> **What you have to do**
A verbatim transcript of the data that follows, free of images, is the expected result.

> **Recorded data**
• • •

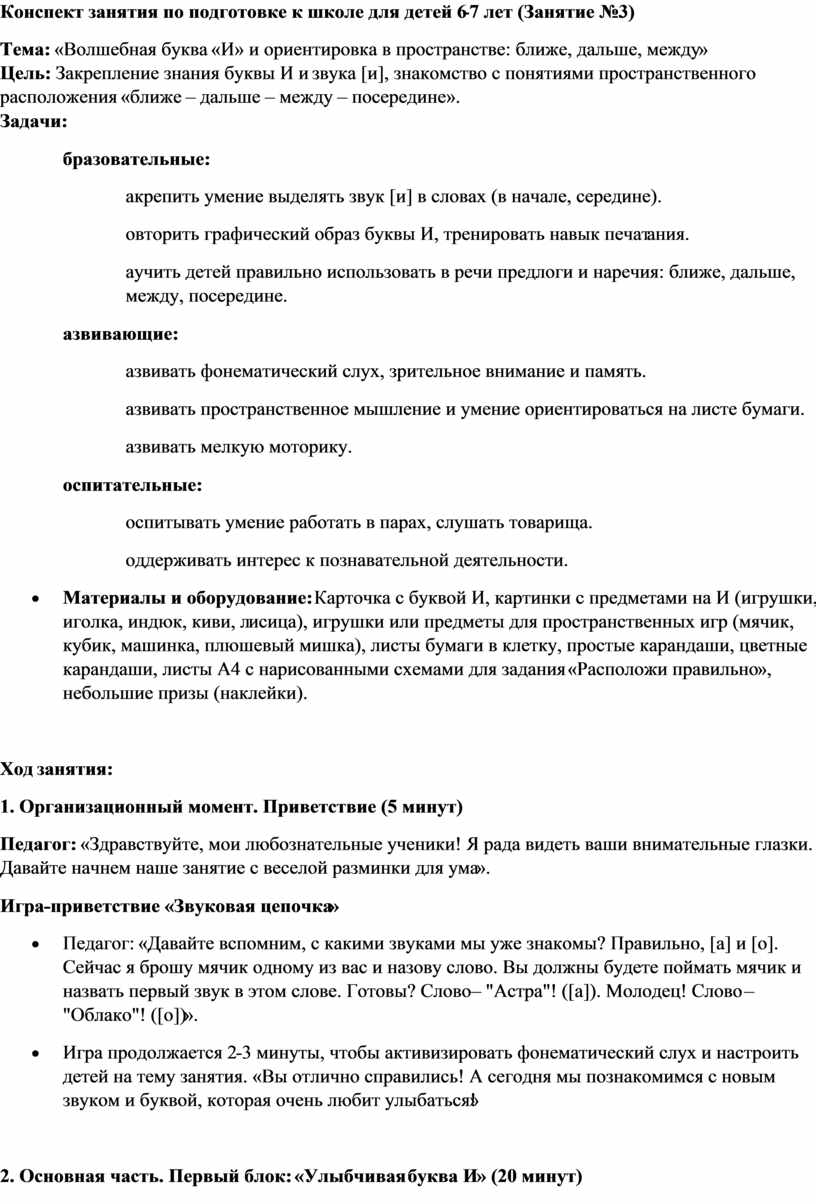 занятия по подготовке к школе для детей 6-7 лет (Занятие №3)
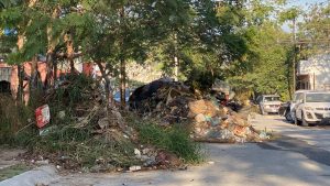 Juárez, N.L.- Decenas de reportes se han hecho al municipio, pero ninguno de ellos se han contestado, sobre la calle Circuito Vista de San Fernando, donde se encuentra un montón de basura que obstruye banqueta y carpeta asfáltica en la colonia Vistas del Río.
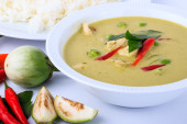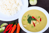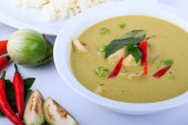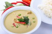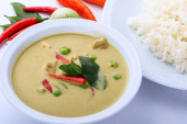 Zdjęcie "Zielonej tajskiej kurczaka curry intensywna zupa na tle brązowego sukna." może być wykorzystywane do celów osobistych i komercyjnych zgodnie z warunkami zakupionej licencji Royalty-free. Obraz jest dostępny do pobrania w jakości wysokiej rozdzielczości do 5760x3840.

• • •

> **Response**
 занятия по подготовке к школе для детей 6-7 лет (Занятие №3)
 Juárez, N.L.- Decenas de reportes se han hecho al municipio, pero ninguno de ellos se han contestado, sobre la calle Circuito Vista de San Fernando, donde se encuentra un montón de basura que obstruye banqueta y carpeta asfáltica en la colonia Vistas del Río.
 Zdjęcie "Zielonej tajskiej kurczaka curry intensywna zupa na tle brązowego sukna." może być wykorzystywane do celów osobistych i komercyjnych zgodnie z warunkami zakupionej licencji Royalty-free. Obraz jest dostępny do pobrania w jakości wysokiej rozdzielczości do 5760x3840.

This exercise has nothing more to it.